== Problem to work on ==
Reproduce the full listing below exactly. Do not include the pictures.

== Supplied material ==
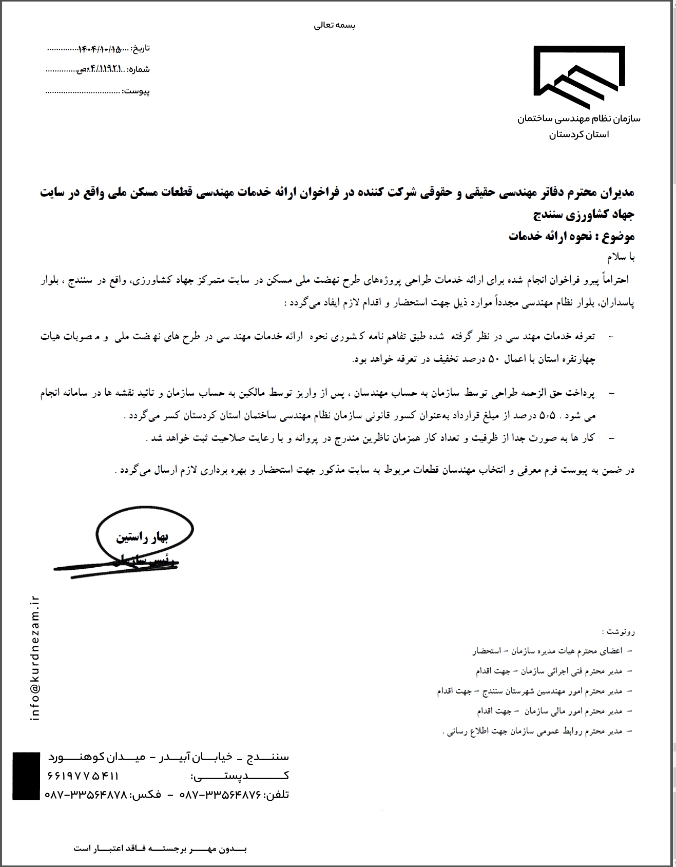 قابل توجه مديران دفاتر مهندسي حقيقي و حقوقي شركت كننده در فراخوان ارائه خدمات مهندسي قطعات مسكن ملي واقع در سايت جهاد كشاورزي سنندج
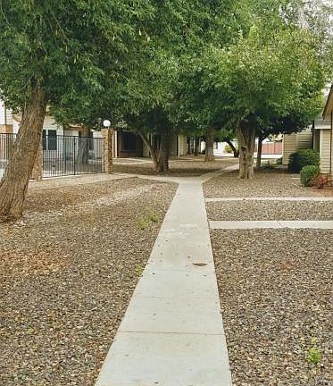 Charming move in ready townhome! Contemporary cabinets in kitchen and bathrooms with plenty of storage. Kitchen table is mounted to the wall and comes with 4 chairs. New paint, and laminate wood flooring in bedrooms. Nice 18in Tile on the entire bottom floor. Recessed lighting in living room. TWO master bedrooms! Each with their own bathroom One has a shower and the other tub shower combo. All appliances included. Great West Valley location. Close to pool and spa. Assigned covered parking spot.
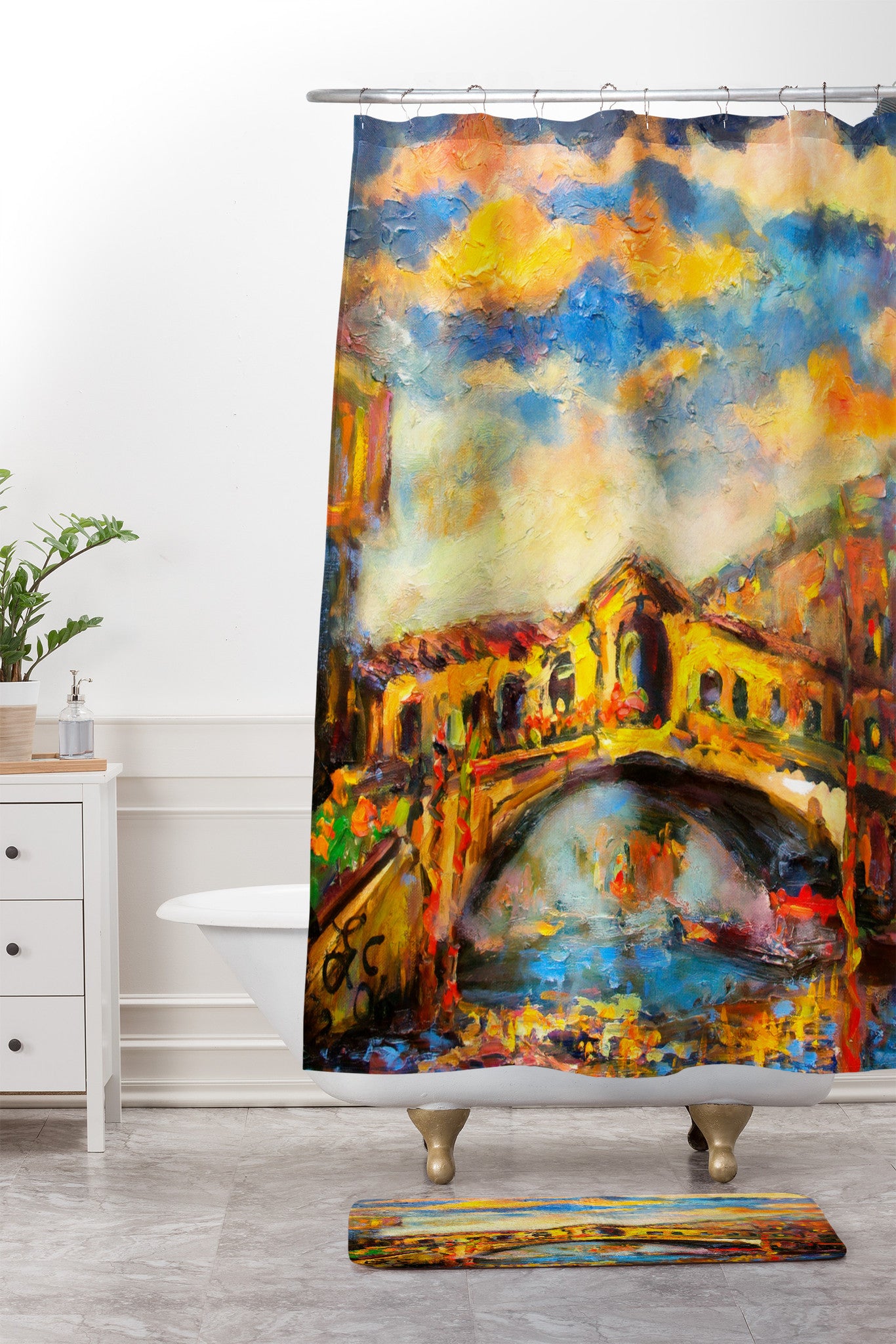 Ginette Fine Art 16 Railto Bridge Shower Curtain And Mat

== Answer box ==
 قابل توجه مديران دفاتر مهندسي حقيقي و حقوقي شركت كننده در فراخوان ارائه خدمات مهندسي قطعات مسكن ملي واقع در سايت جهاد كشاورزي سنندج
 Charming move in ready townhome! Contemporary cabinets in kitchen and bathrooms with plenty of storage. Kitchen table is mounted to the wall and comes with 4 chairs. New paint, and laminate wood flooring in bedrooms. Nice 18in Tile on the entire bottom floor. Recessed lighting in living room. TWO master bedrooms! Each with their own bathroom One has a shower and the other tub shower combo. All appliances included. Great West Valley location. Close to pool and spa. Assigned covered parking spot.
 Ginette Fine Art 16 Railto Bridge Shower Curtain And Mat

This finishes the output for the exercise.